= Nordstrand Vel =

Neighbourhood service organisation in Nordstrand, Oslo

Nordstrand Vel is a neighbourhood service organisation (Velforening) in the borough of Nordstrand in Oslo. It is one of the largest and oldest such organisations in Norway.

The group has approximately 1,900 members, making it one of the largest service organisations in Norway. Founded on 24 March 1892, it is also one of the oldest.

Nordstrand Vel is politically neutral. It focusses on the neighbourhood of Nordstrand, for example traffic safety, development, maintenance of the natural environment and human wellbeing.

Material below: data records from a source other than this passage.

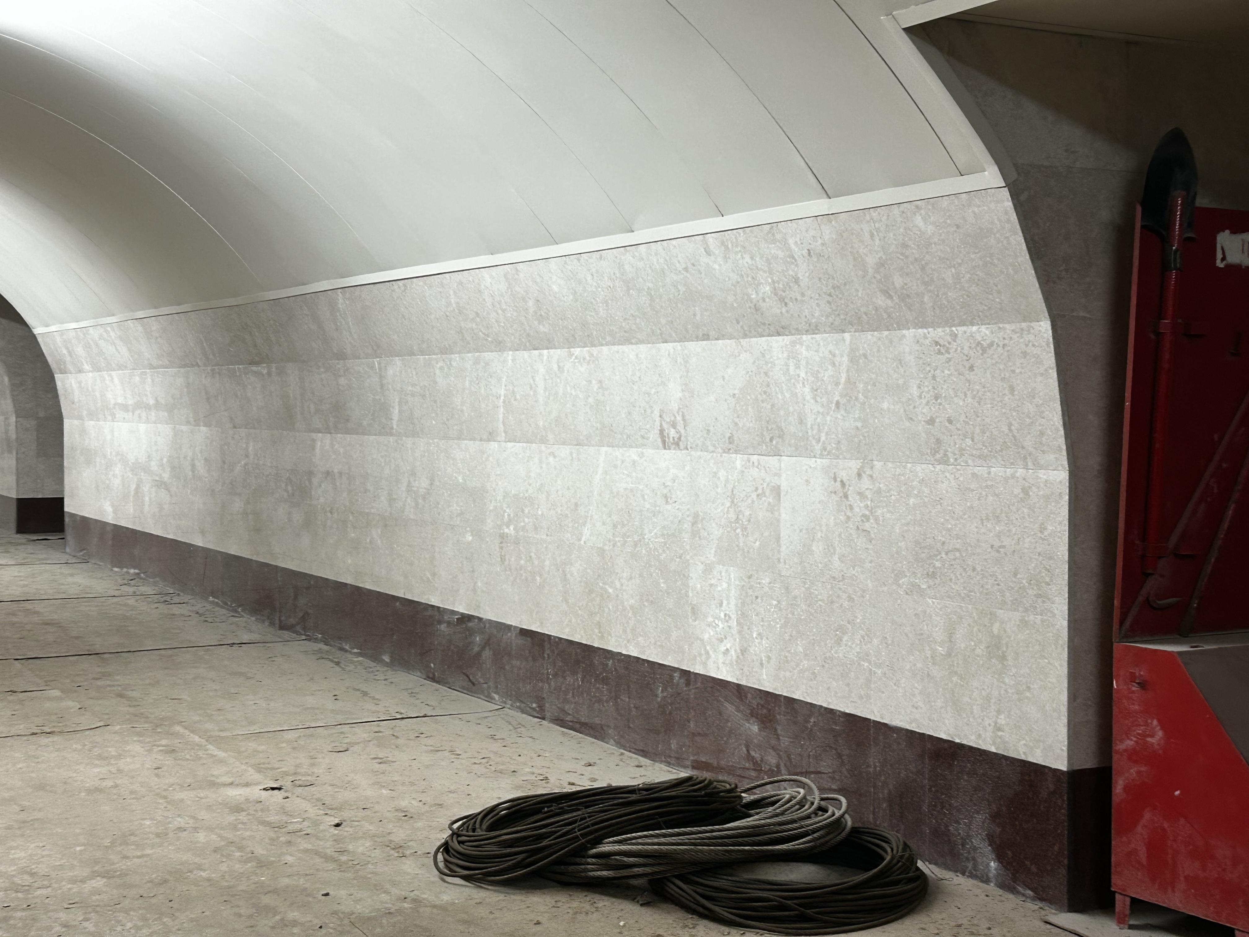 Keçidin inşası üçün qazıntı işləri və metal konstruksiyalı tunelin quraşdırılması artıq tamamlanıb. Hazırda “28 May” stansiyasının platforması ilə birləşmə hissəsində işlər davam edir. Paralel olaraq, üç hissədən ibarət pilləkənlərdə metal karkas qurularaq betonlama işlərinə hazırlıq görülür.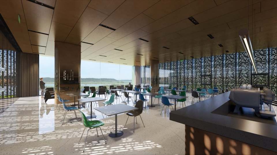 博物馆在设计上整合了被动式与主动式的节能策略,以构建低碳且具韧性的环保节能建筑体系。地源热泵系统和水蓄冷及蓄热系统的同时运用,可以极大地减少运行费用。青铜盒子屋顶设置太阳能光伏发电系统。生活热水采用空气源热泵及太阳能板,新风系统利用热回收。同时,项目建立了水循环系统,收集和再利用雨水,并采用酒厂生产中引流的涪江江水用于水池景观,充分利用了场地内及周边既有的基础设施和资源。舍得文化博物馆正在紧锣密鼓地施工中,预计将于2027年春季完工。该项目已获2025 Active House Award一等奖、un Design Awards铂金奖。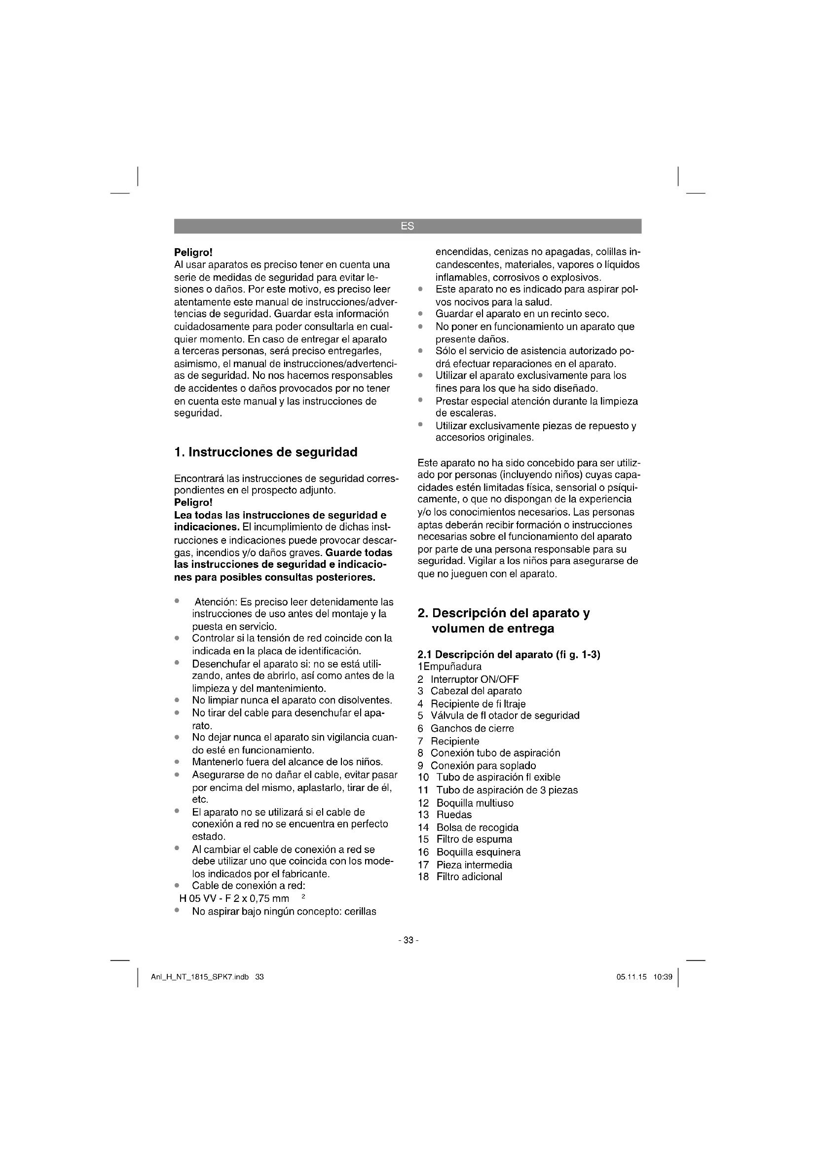 1 Empuñadura 2 Interruptor ON/OFF 3 Cabezal del aparato 4 Recipiente de fi ltraje 5 Válvula de fl otador de seguridad 6 Ganchos de cierre 7 Recipiente 8 Conexión tubo de aspiración 9 Conexión para soplado 10 Tubo de aspiración fl exible 11 Tubo de aspiración de 3 piezas 12 Boquilla multiuso 13 Ruedas 14 Bolsa de recogida 15 Filtro de espuma 16 Boquilla esquinera 17 Pieza intermedia 18 Filtro adicional Anl_H_NT_1815_SPK7.indb 33Anl_H_NT_1815_SPK7.indb 33 05.11.15 10:3905.11.15 10:39ES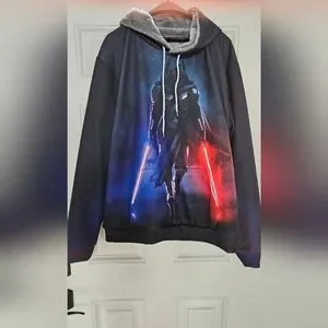 Stylish Star Wars hoodie featuring a character with red and blue lightsabers. Perfect for fans. Brand new no tags, never worn.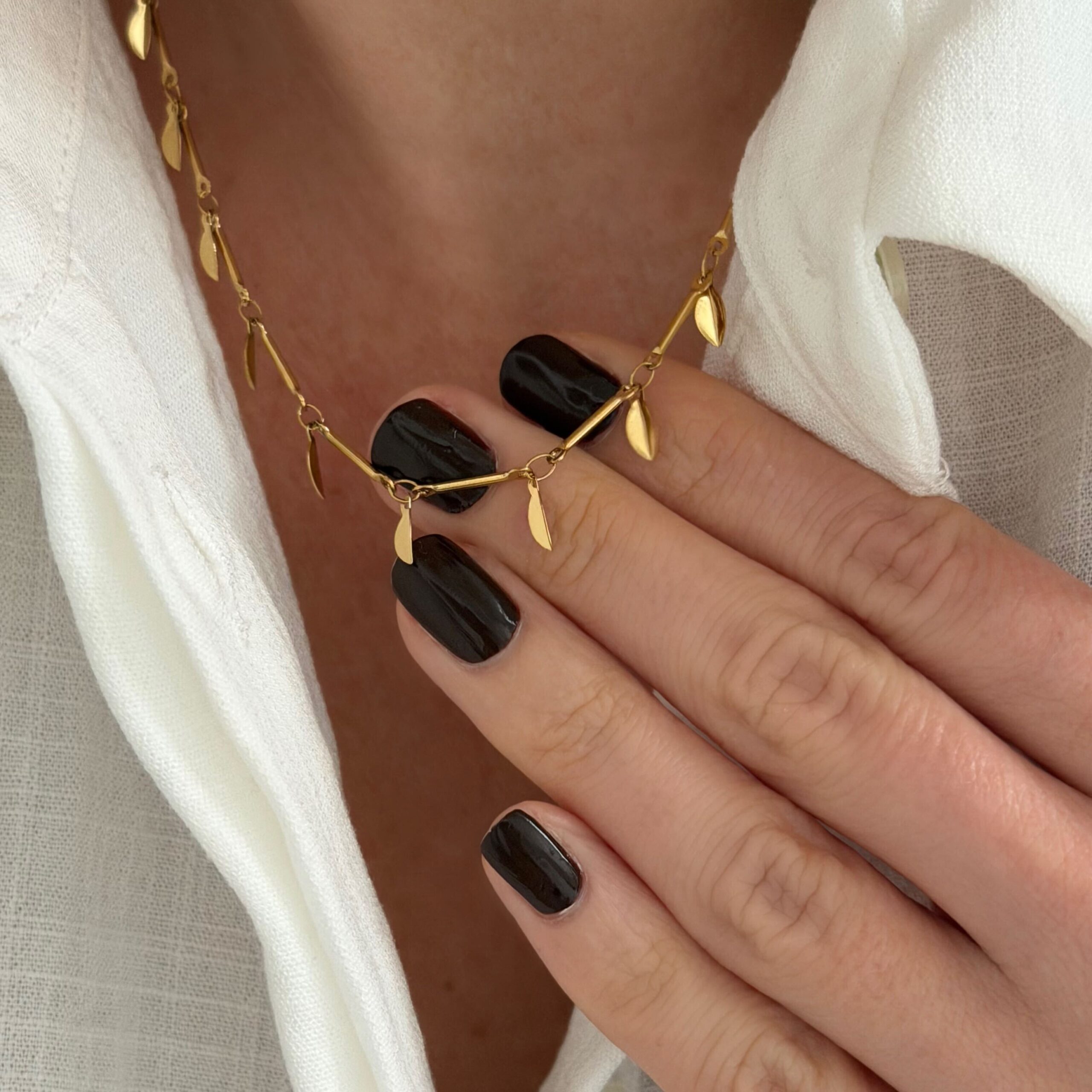 - Le bijou se compose d’une chaîne originale décorée de petites pampilles au motif feuilles
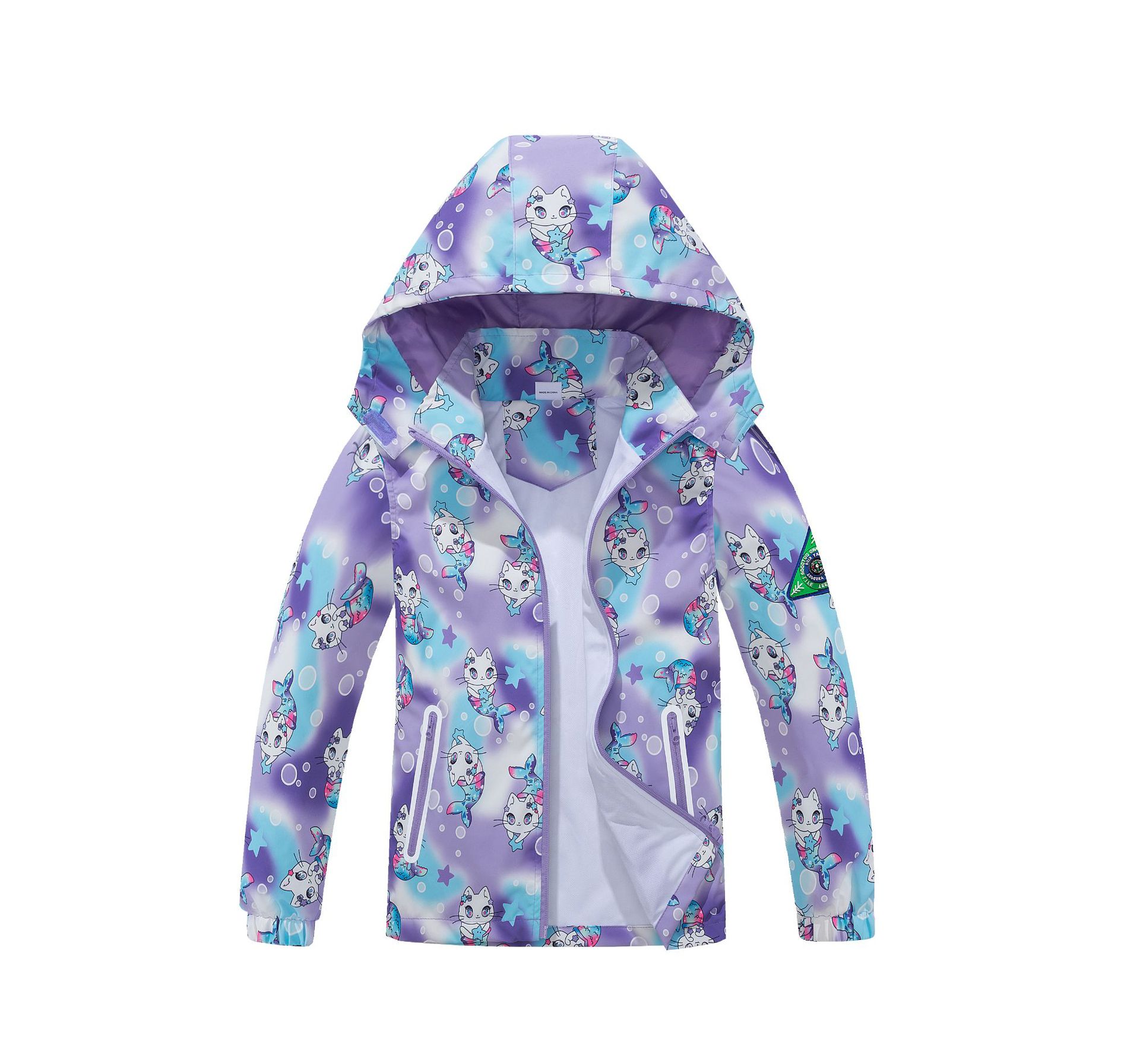 소녀 야외 방수 통기성 모자 오프 만화 인쇄 고양이 지퍼 셔츠 재킷 코트 비옷 경량 재킷 재킷

It has helped preserve the beaches, spoken out against new development which it sees as overbuilding and assisted the local environmental group Grønn Linje Aksjon Nordstrand. Recently it has worked on the planning for the Mosseveien tunnel, the Sæter local centre and the Nordstrand hillside. The organisation owns and operates the Nordstrandhus (Nordstrand House) and worked on renovating the Nordstrand Bad (baths), which it formerly owned.

Since 1998, the group has awarded an annual prize for environmental activity. In 2011, the group and member Johannes Løken shared the Oslo environmental prize for their work to eliminate oil heating in the area, including from the Nordstrandhus.